The prime minister’s comments came as other European leaders reacted to Musk’s escalating social media interventions in the continent’s politics, with Macron expressing particular concern at the role of the billionaire confidant of US president-elect Donald Trump.
Starmer said: “We have seen this playbook many times — whipping up of intimidation and of threats of violence, hoping that the media will amplify it . . . When the poison of the far right leads to serious threats to Jess Phillips and others, then in my book a line has been crossed.”
Musk, who has repeatedly posted about UK politics since Labour was elected in July, has recently described the UK safeguarding minister as a “rape genocide apologist” and a “wicked witch”.
He has posted dozens of times about a historic scandal involving sexual grooming gangs in the north of England.
On Monday, Musk responded: “Starmer was deeply complicit in the mass rapes in exchange for votes.”
He appeared to be referring to the prime minister’s previous role overseeing the UK’s prosecution office when evidence of the gangs came to light more than a decade ago.
Allegations that Starmer bears some responsibility for failings in bringing the grooming gangs to justice stem, in particular, from a case in 2009 when a decision was taken not to prosecute alleged perpetrators in the town of Rochdale.
Lawyers at the time believed the victim would not come across as reliable or credible.
Starmer had been director of public prosecutions for nine months when the decision was taken, but there is no evidence to suggest he was made aware of the details of the case at the time.
Starmer said on Monday that as chief prosecutor for five years, he tackled the gangs head-on and reopened various cases, noting: “When I left office, we had the highest number of child sexual abuse cases being prosecuted on record.”
He also criticised those — including Musk — who have supported far-right agitator Tommy Robinson, saying he was a man who went to prison for almost collapsing a grooming case.
In his comments, Macron signalled his alarm at Musk’s endorsement of the far-right Alternative for Germany party ahead of the German election next month.

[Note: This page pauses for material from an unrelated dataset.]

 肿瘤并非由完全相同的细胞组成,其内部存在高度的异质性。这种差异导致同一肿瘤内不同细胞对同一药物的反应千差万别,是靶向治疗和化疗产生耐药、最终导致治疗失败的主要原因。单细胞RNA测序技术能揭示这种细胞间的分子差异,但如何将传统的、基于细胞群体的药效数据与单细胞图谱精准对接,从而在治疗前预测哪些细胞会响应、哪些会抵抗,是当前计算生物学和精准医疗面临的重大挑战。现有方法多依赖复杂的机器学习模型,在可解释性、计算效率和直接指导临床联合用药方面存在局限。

“If we had been told that the owner of one of the world’s biggest social media networks would support a new reactionary international [movement] and would intervene directly in elections including in Germany, who would have imagined it?” Macron said at a conference of ambassadors on Monday. “This is the world we live in.”

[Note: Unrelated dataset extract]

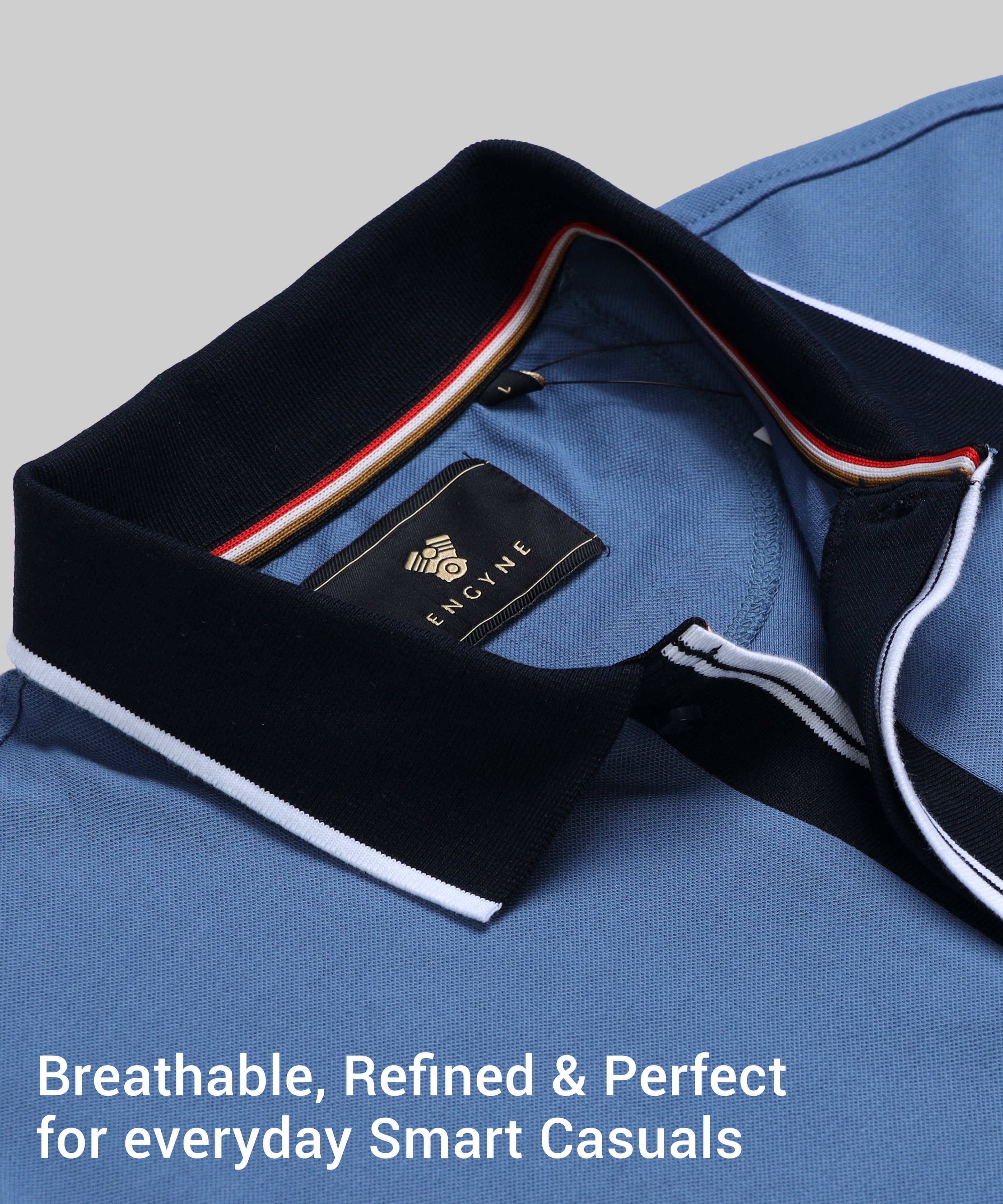 Rougen Cotton Lycra with Contrast Flat Knit Placket and Tipped Collar Gasoline Polo

But the German government tried to downplay the role of the X owner in the country’s politics.
“We act as if Mr Musk’s statements on Twitter could influence a country of 84mn people with untruths or half-truths or expressions of opinion,” a spokesperson said on Monday. “This is simply not the case.”

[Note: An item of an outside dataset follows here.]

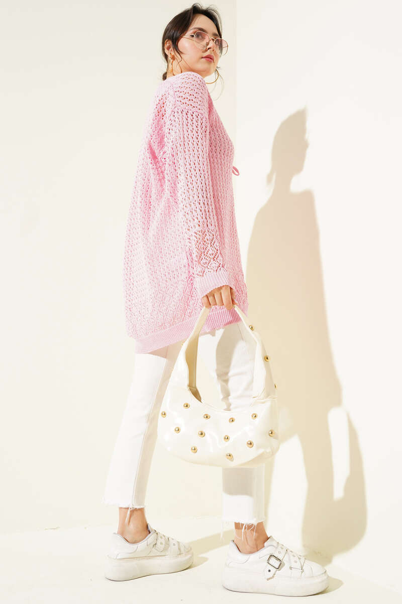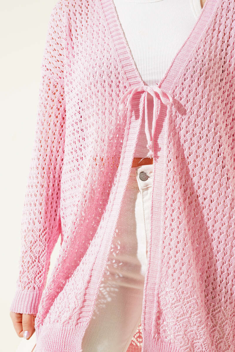 Pirinç Örgü Basic Triko Hırka Nar Çiçeği

Kemi Badenoch, leader of the UK Conservatives, said her party would put forward an amendment on Wednesday to the children’s wellbeing bill in parliament calling for a “full national inquiry into the rape gangs grooming scandal”.
“If the amendment is selected, I hope MPs from all parties will vote to support the inquiry, so we can do right by the victims and end the culture of cover-ups,” she said.
But Starmer accused her of “jumping on a bandwagon” and “amplifying what the far right is saying” on child sexual abuse after failing to act “for 14 long years”.
Earlier on Monday, Musk, who has been chosen by Trump to co-lead a US department of government efficiency, suggested that the US should “liberate the people of Britain” by overthrowing the government.
Sir Ed Davey, leader of the Liberal Democrats, a smaller opposition party, said the rhetoric was proof that the UK could not rely on the incoming Trump administration.
“People have had enough of Elon Musk interfering with our country’s democracy when he clearly knows nothing about Britain,” he added.